Return datetime objects given numeric time values. The units of the numeric time values are described by the units argument and the calendar keyword. The returned datetime objects represent UTC with no time-zone offset, even if the specified units contain a time-zone offset.

Like the matplotlib num2date function, except that it allows for different units and calendars. Behaves the same if units = 'days since 001-01-01 00:00:00' and calendar = 'proleptic_gregorian'.

Parameters:
  • times - numeric time values. Maximum resolution is 1 second.
  • units - a string of the form 'time units since reference time' describing the time units. time units can be days, hours, minutes or seconds. reference time is the time origin. A valid choice would be units='hours since 1800-01-01 00:00:00 -6:00'.
  • calendar - describes the calendar used in the time calculations. All the values currently defined in the CF metadata convention are supported. Valid calendars 'standard', 'gregorian', 'proleptic_gregorian' 'noleap', '365_day', '360_day', 'julian', 'all_leap', '366_day'. Default is 'standard', which is a mixed Julian/Gregorian calendar.
Returns:
a datetime instance, or an array of datetime instances.

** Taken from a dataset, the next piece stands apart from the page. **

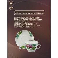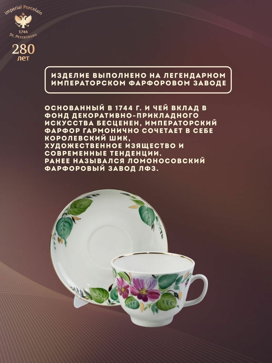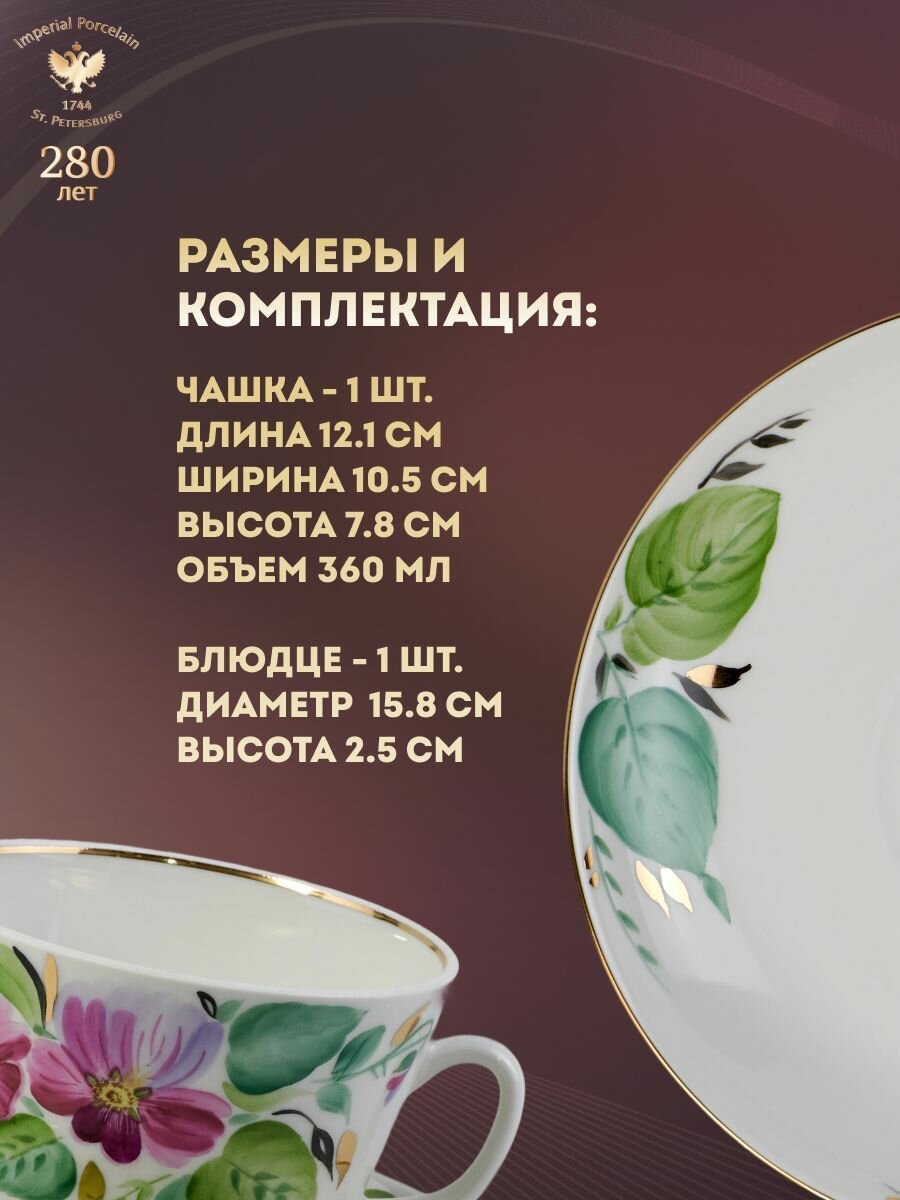 Чашка с блюдцем изготовлена на Императорском фарфоровом заводе из твердого фарфора. Для декорирования используется ручная надглазурная роспись. Автор рисунка - Нурия Каюмова, автор формы - Серафима Яковлева. Авторская модель создана в 1990 году. Объем чашки - 375 мл, высота - 7.8 см. Мы рекомендуем мыть это изделие вручную, чтобы как можно дольше сохранить его первоначальный вид. О форме Форма чашки "Подарочная" (авторское название "Большая подарочная") создана в 1970 году Серафимой Яковлевой по мотивам модели ИФЗ конца 19 века. Автор рисунка Каюмова Нурия Саматовна (род. 1931 г.) - с 1947 года живописец, художник на ЛФЗ, выполняла копии работ А. В. Воробьевского, И. И. Ризнича, М. Н. Моха, Л. И. Лебединской и других художников, стала выполнять ответственные заказы по собственным композициям, любила рисовать цветы. В 1994 г. королеве Великобритании Елизавете во время визита в Санкт-Петербург была подарена ваза с цветочной росписью, выполненной Н. С. Каюмовой. В 1993-1995 гг. обучала технике росписи по фарфору принцессу Италии Ирину Строцци. Автор формы Яковлева Серафима Евгеньевна (1910-1993 г. г.) - скульптор, заслуженный художник РСФСР. В 1935-1987 гг. работала на ЛФЗ, где ею было создано около 40 форм сервизов и около 50 форм различных других предметов. Разработанная в 1936 году форма "Тюльпан", получившая наибольшую известность в росписи "Кобальтовая сетка", стала на многие десятилетия одной из самых популярных. К другим популярным формам Серафимы Яковлевой относятся "Весенняя", "Банкетная" и др. В 1958 году на Всемирной художественно-промышленной выставке в Брюсселе была награждена Золотой медалью за формы сервизов "Восточный", "Весенний", "Тюльпан", в 1962 году - Серебряную медаль Международной выставки керамики в Праге. Работы находятся в коллекциях Эрмитажа, Русского музея и других музеях и частных собраниях.

The datetime instances returned are 'real' python datetime objects if the date falls in the Gregorian calendar (i.e. calendar='proleptic_gregorian', or calendar = 'standard' or 'gregorian' and the date is after 1582-10-15). Otherwise, they are 'phony' datetime objects which support some but not all the methods of 'real' python datetime objects. This is because the python datetime module cannot the uses the 'proleptic_gregorian' calendar, even before the switch occured from the Julian calendar in 1582. The datetime instances do not contain a time-zone offset, even if the specified units contains one.

stringtoarr(a, NUMCHARS)

 

convert a string to a character array of length NUMCHARS

Parameters:
  • a - Input python string.
  • NUMCHARS - number of characters used to represent string (if len(a) < NUMCHARS, it will be padded on the right with blanks).
Returns:
A rank 1 numpy character array of length NUMCHARS with datatype 'S1'

stringtochar(a)

 

convert a string array to a character array with one extra dimension

Parameters:
  • a - Input numpy string array with numpy datatype 'SN', where N is the number of characters in each string. Will be converted to an array of characters (datatype 'S1') of shape a.shape + (N,).
Returns:
A numpy character array with datatype 'S1' and shape a.shape + (N,), where N is the length of each string in a.